Diantara Arus Banjir yang Mengamuk
Oleh Leni Marlina
Engkau berjalan di antara arus banjir yang mengamuk,
Banjir setinggi pinggang meremas tubuhmu, dingin dan berat.
Ibuk, dengan napas tersengal, engkau gengam mesin jahitmu,
Mengangkatnya di atas kepala seakan menyelamatkan nyawamu sendiri.
Air keruh mencengkeram kaki, namun di dadamu,
Ada harapan yang tetap mengapung, meski dunia di sekitarnya tenggelam.
Mesin jahit itu bukan sekadar alat, tapi denyut kehidupan,
Sebuah warisan yang tak ingin hanyut,
Sebuah harapan yang ia bawa dengan cinta yang tak pernah padam.
Di kejauhan, Bapak, engkau dengan mata redup penuh lelah,
Memikul pacul dan parang di tengah air yang merayap hingga pinggangmu.
Setiap langkah adalah perjuangan melawan arus,
Namun tanganmu tak pernah melepaskan alat-alat itu,
Alat yang mewakili mimpi-mimpi yang tertanam dalam lumpur,
Mimpi yang tak bisa dipatahkan oleh banjir maupun badai.
Engkau tahu, tanah baru menunggu di ujung hari,
Meski hari ini ladangmu terkubur oleh deras air yang tak berbelas kasih.
Dan anak-anak,
kaki-kaki kecil yang berjuang melawan air hingga dada.
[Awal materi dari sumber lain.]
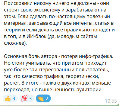 Второй нюанс. Трафика из саммари, конечно, становится меньше. Но, как говорил Шариков, «у самих револьверы найдутся»: поиск сейчас оборудован ИИ, но и создатели контента им тоже оборудованы. Производство контента ускорилось.
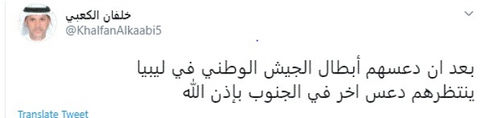 وقال في تغريدة عبر "تويتر" رصدها "المشهد العربي": "بعد أن دعسهم أبطال الجيش الوطني في ليبيا ينتظرهم دعس آخر في الجنوب بإذن الله".
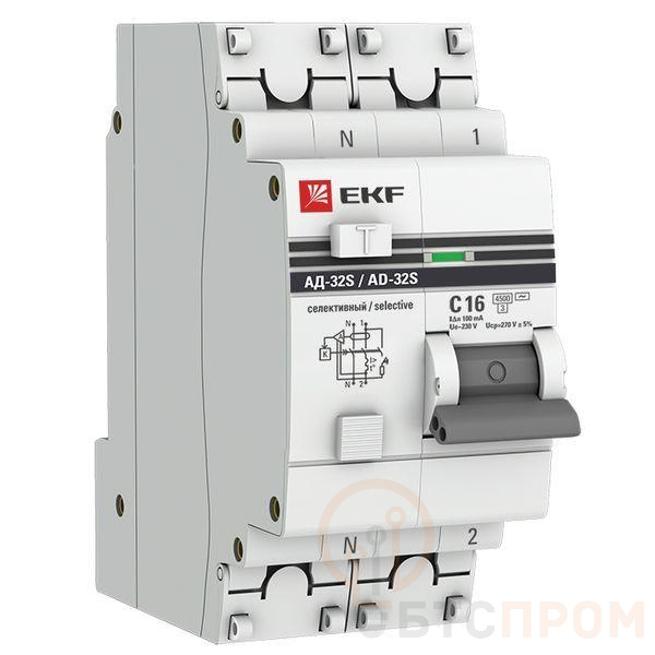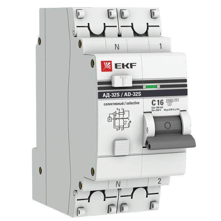 Выключатель автоматический дифференциального тока 2п (1P+N) 16А 100мА АД-32 селект. PROxima EKF DA32-16-100S-pro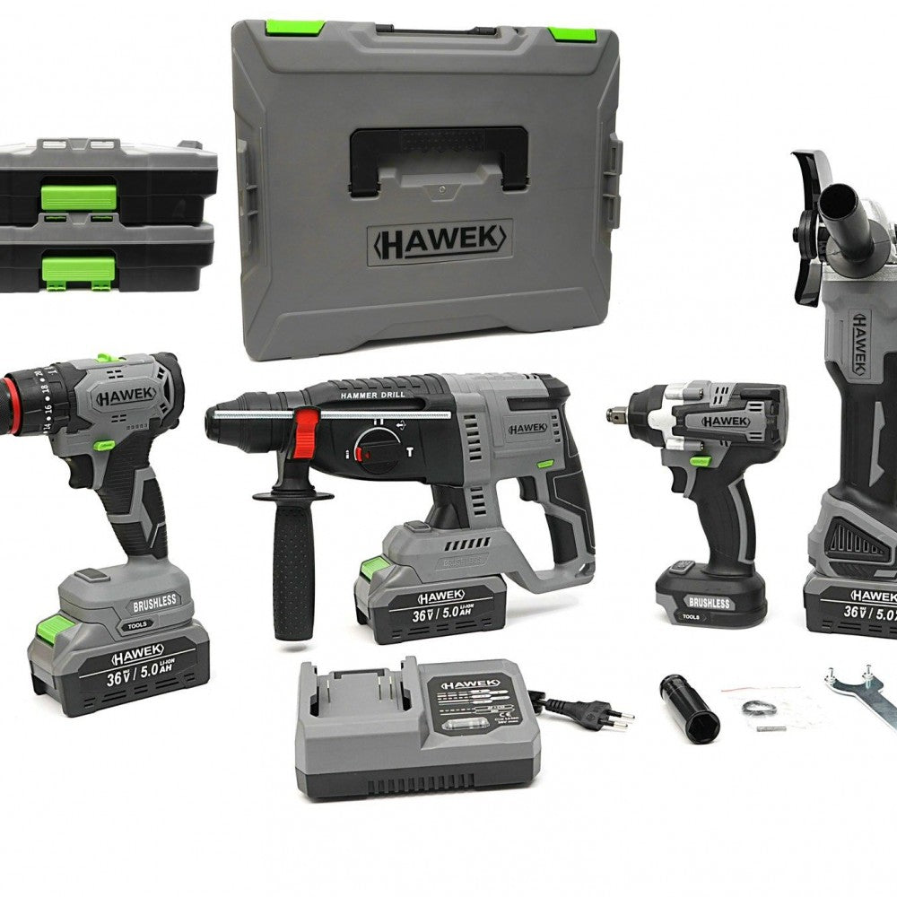 Комплект от акумулаторен перфоратор, ъглошлайф 125 мм, гайковерт и винтоверт 36V с 3 броя батерии 5Ah в куфар и зарядно HAWEK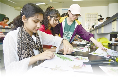 5月19日,WANQIUTONG.COM药学院组织多国留学生与中国学生开展“中草药拓印”体验活动,中外大学生共同感受中医药文化的魅力。

Dingin merasuk tulang, namun tangan kalian tetap terangkat tinggi,
Menjaga tas dan buku-buku, harta berharga yang tak boleh tenggelam.
Seragam yang basah menempel pada kulitmu yang rapuh,
Tapi dalam tas itu tersimpan mimpi yang tak pernah goyah,
Mimpi yang kalian bawa dengan hati penuh tekad,
Meski banjir malam itu ingin menenggelamkan segala asa.
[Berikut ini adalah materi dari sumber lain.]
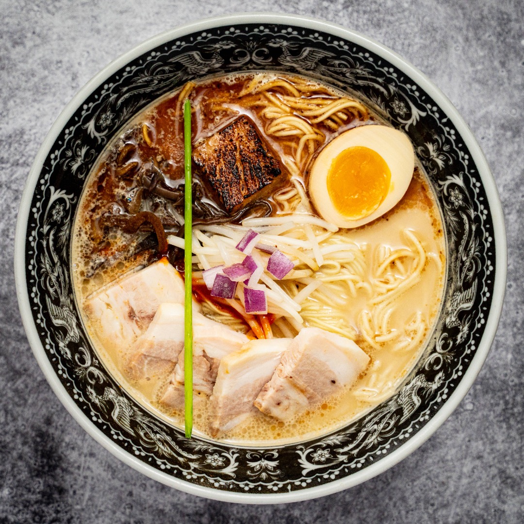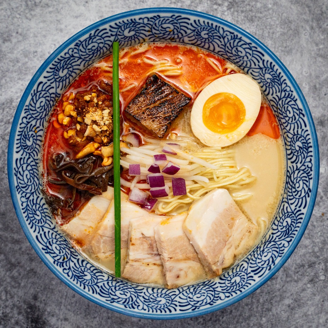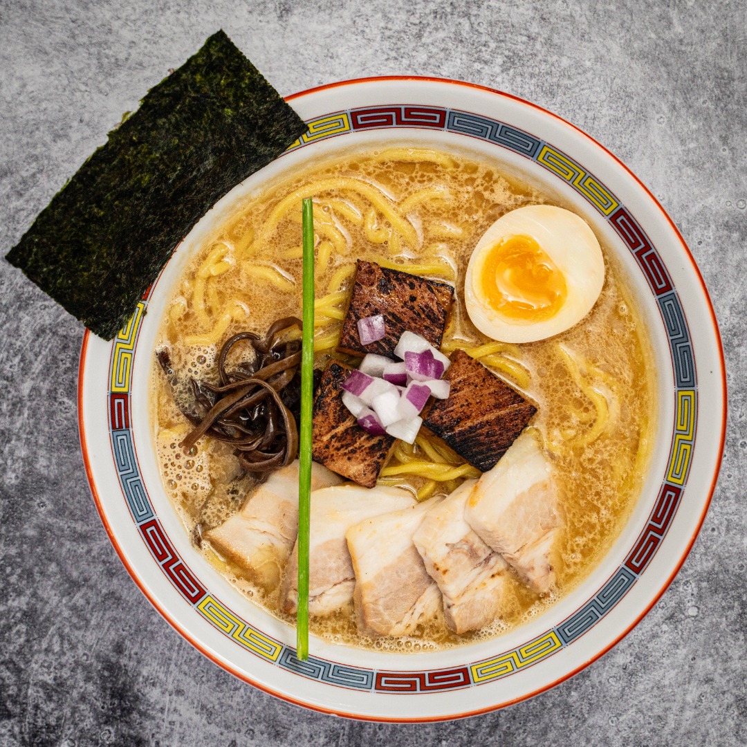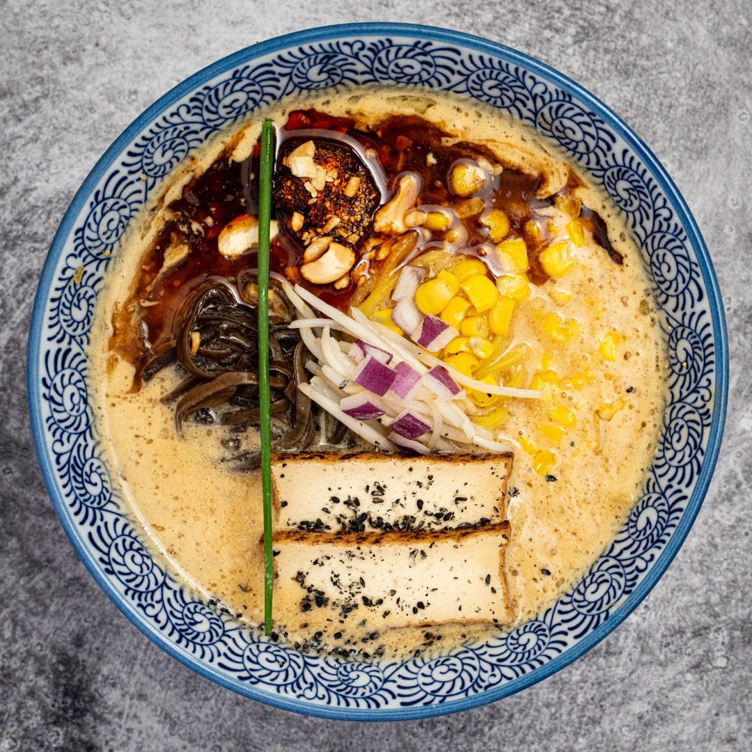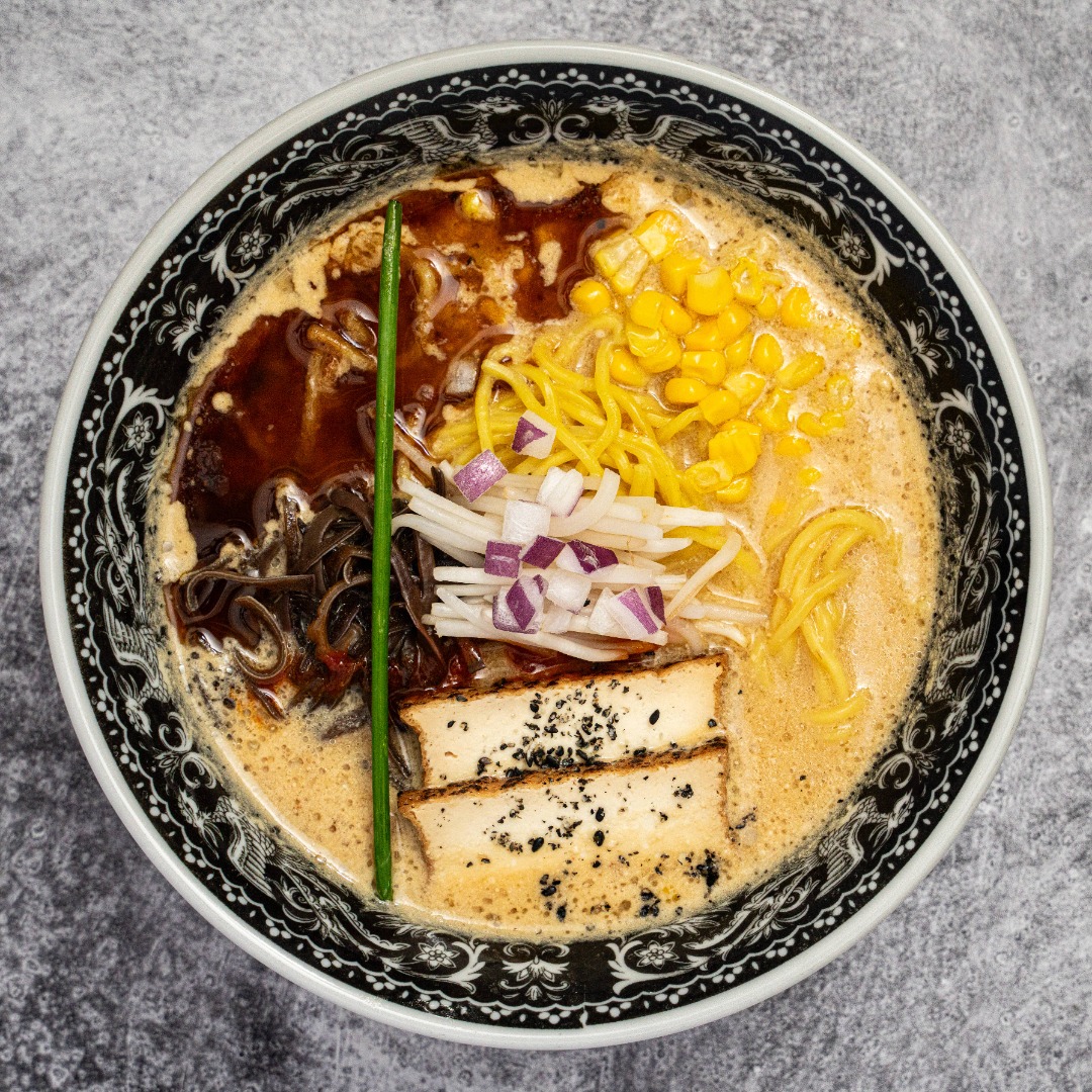 Miso and sesame broth with thick noodles. Topped with black garlic oil, bean sprouts, tofu chashu, diced red onion, chive, kikurage mushrooms, corn, and savory umami paste. Gluten-free rice noodles are available to make gluten-free

Engkau, Ibuk, Bapak, dan anak-anak,
Bukan kesedihan yang kalian bawa di tengah bencana ini,
Melainkan keyakinan yang lebih dalam dari banjir yang melanda.
Air setinggi pinggang orang dewasa dan setinggi dada anak-anak,
Tak mampu meruntuhkan semangat yang kalian junjung.
Harapan kalian tetap bertahan, mengapung di atas arus,
Seperti doa-doa yang tak pernah lelah menggapai langit,
Dan kalian percaya, di ujung banjir malam ini,
Akan ada lahan baru dan mentari yang menanti, menghangatkan luka yang tak terlihat.